The method, developed by Uri Banin and colleagues, takes advantage of the fact that fluorescence is modified when a dielectric tip is brought within tens of nanometers of a fluorophore. For the first stage in this research, a sample of quantum dots on a glass slide was illuminated with 514-nm light from an argon-ion laser and was imaged through a Zeiss Axiovert microscope. The slide was translated through the field until a dot was centered in the excitation spot. Then an AFM tip was scanned in contact mode across the glass slide while the fluorescence was simultaneously monitored.

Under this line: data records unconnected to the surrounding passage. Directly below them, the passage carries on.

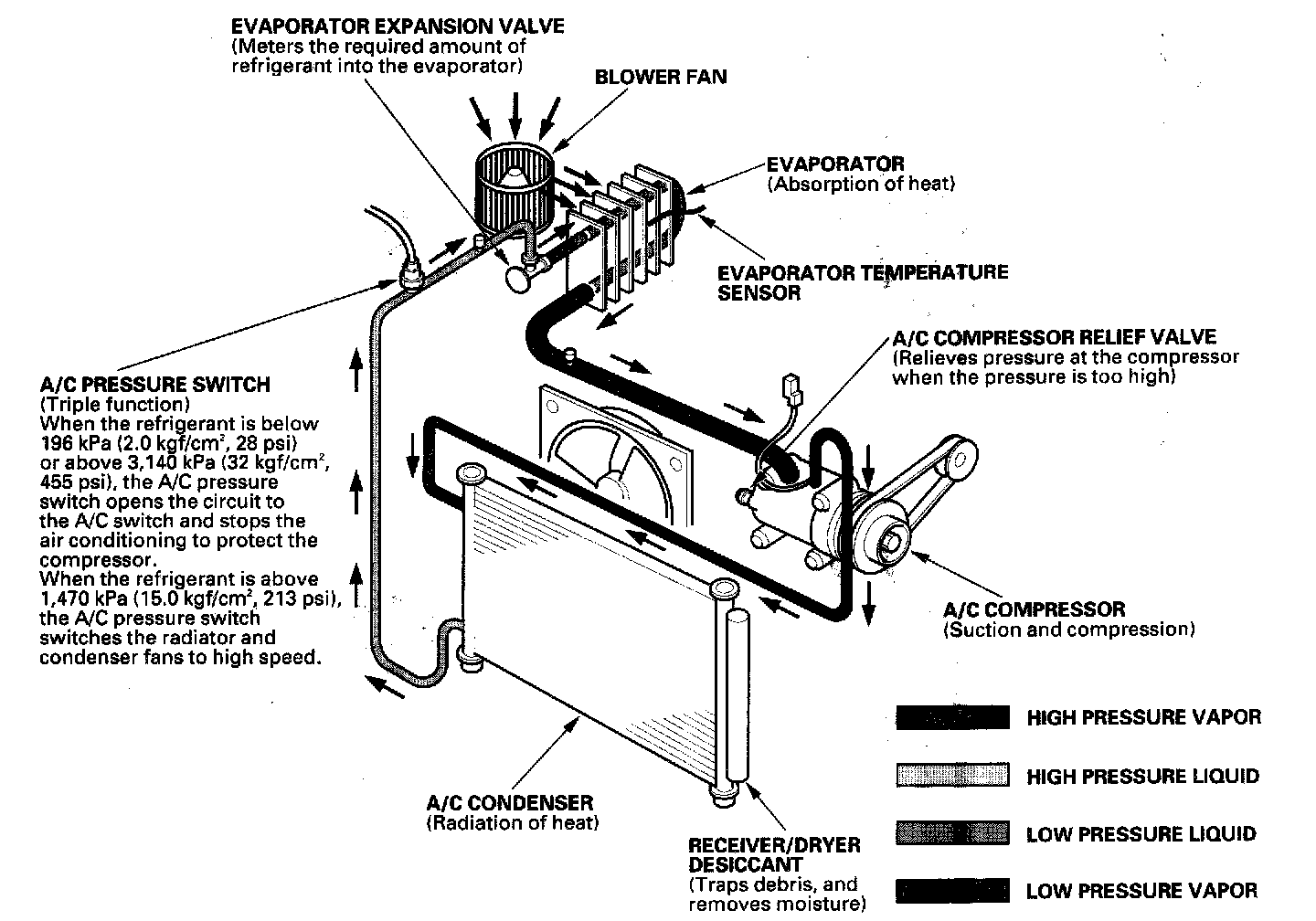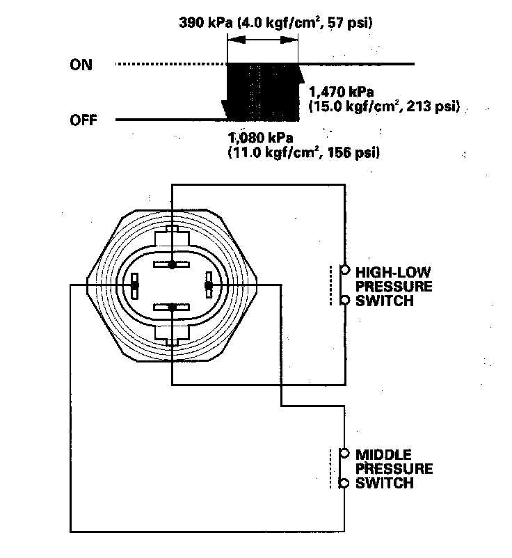 If the refrigerant pressure goes above or below 1,470 kPa (15.0 kgf/sq.cm, 213 psi), the A/C pressure switch opens or closes to signal the PCM to change the speed of the condenser fan and radiator fan (high-low).
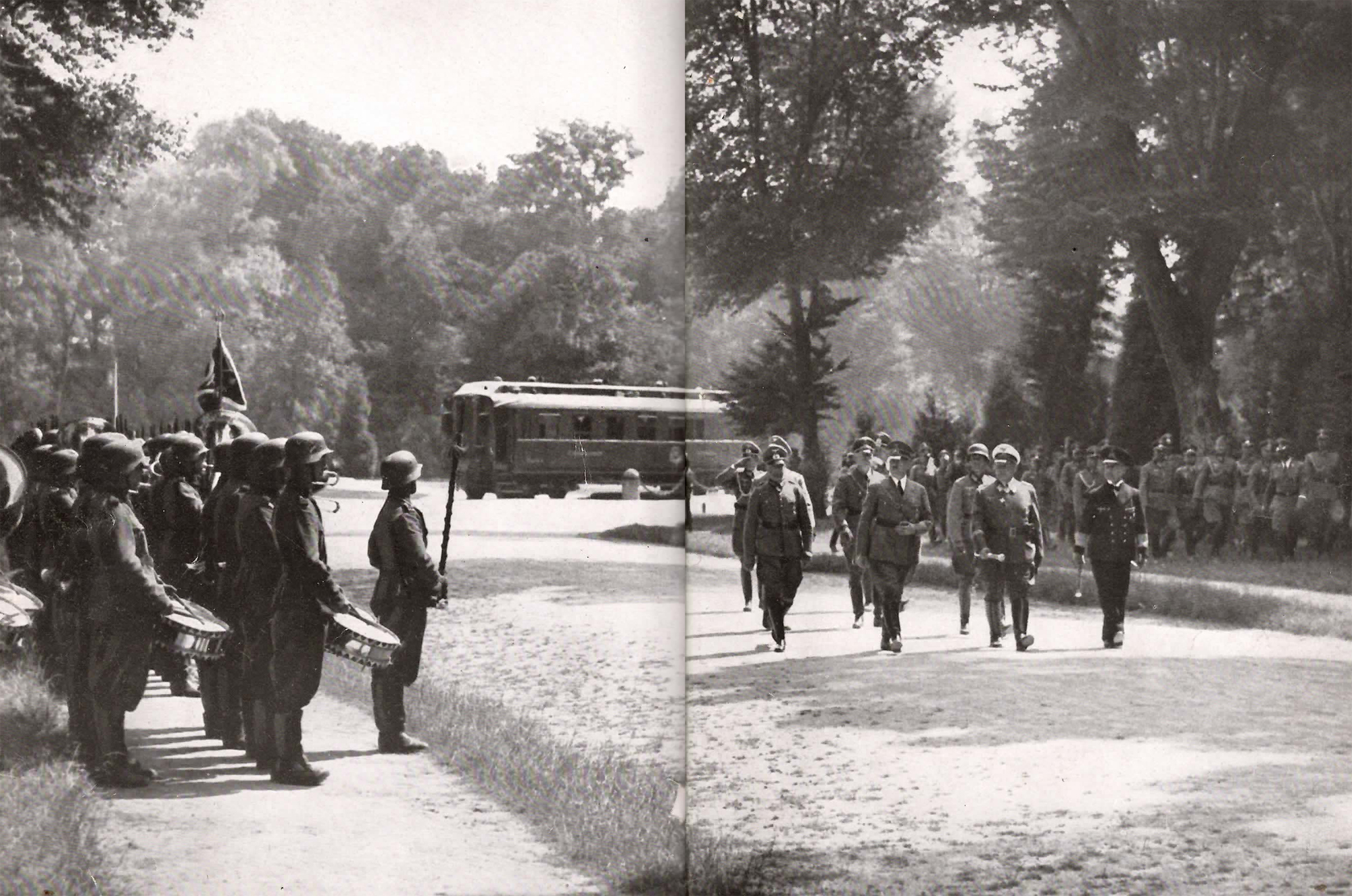 Compiégne 1940: An gleicher Stelle empfing Adolf Hitler, Führer des deutschen Volkes, Rächer der zwei Millionen Weltkreigstoten, die um Waffenstillstand bittenden Franzosen und tilgte die Schmach von 1918. Es geschah an einem hellen Frühlingstag, zur Stunde der Sonnenwende.
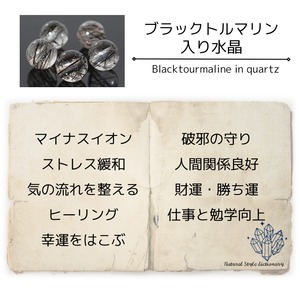 ブラックトルマリンやブラックトルマリン入り水晶は、実業家や社長、スポーツ選手などに大変人気のあるパワーストーンです。障害を取り除き、思わぬ幸運をもたらして、財運・勝ち運を招きよせると伝えられています。「運をはこぶ石」といわれ、古くは戦などにおいても、勝利をもたらすと信じられていました。この石を身につけると、強靭な精神力と忍耐力で物事を最後までやり遂げ、結果を出せるといわれています。仕事や勉強などの勝負所で力を借りるのも良いでしょう。

When the AFM tip was within a few nanometers of the quantum dot, the fluorescence was quenched. By correlating the data, the fluorophore was located precisely within the topographic AFM image. Using standard silicon AFM tips or a platinum-coated one essentially produces apertureless near-field scanning optical microscopy, but by coating the AFM probe tip with quantum dot nanocrystals, the probe-sample interaction increases, and the resolution improves from 130 to about 30 nm.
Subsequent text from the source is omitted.